Dei-me conta disso ao buscar um fato para comentar hoje. A procura levou-me a um impasse: as principais notícias dos últimos dias reproduzem problemas que não conseguimos erradicar. E que, nos quase dois anos em que escrevo neste espaço semanal, de alguma forma já abordei.

Em 6 de janeiro, comentei sobre as mortes provocadas pelos deslizamentos de terra em Angra dos Reis – fruto da combinação de desrespeito às leis ambientais, descaso das autoridades e chuvas acima da média. O mês terminou com mais mortos devido aos temporais, mostrando que o país não está preparado para enfrentar as cada vez mais intensas tempestades causadas pelo aquecimento global – tema que já havia abordado na coluna de 30 de setembro do ano passado.

A manchete da Gazeta do Povo da última segunda-feira também traz um fato novo a respeito de um antigo problema: janeiro foi o mês mais violento dos últimos dois anos em Curitiba. Apesar de a segurança pública ser a maior preocupação da população há anos, nossos sucessivos governos não têm conseguido enfrentar a violência e dar tranquilidade aos cidadãos.

Nos últimos dias também viraram notícia os trotes violentos de veteranos em calouros universitários. Primeiro foi um caso aqui em Curitiba, na UFPR. Nesta semana, foi a vez de um estudante recém-admitido na Universidade Camilo Castelo Branco, no interior de São Paulo, ter sido obrigado por alunos mais velhos a ingerir álcool combustível. Esse tipo de trote, que acontece ano a ano, é uma barbárie que remonta ao período medieval e que nossa sociedade, em pleno século 21, não conseguiu superar – tema de minha coluna de 25 de fevereiro do ano passado.

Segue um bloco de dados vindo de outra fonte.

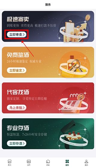 1、用户如果想要进行酒水的寄卖,可以点击屏幕下方的服务,再点击极速寄卖。

Poderia ainda falar sobre a corrupção que não acaba, sobre as promessas dos políticos em ano eleitoral, sobre as deficiências do sistema de saúde, de educação e do transporte público. Mas aí eu já estaria me repetindo demais.

Em tempo: o Dia da Marmota é comemorado em 2 de fevereiro – neste ano, portanto, a festa ocorreu ontem. Espero que hoje, ao acordarmos, não estejamos presos a dilemas que se repetem no tempo.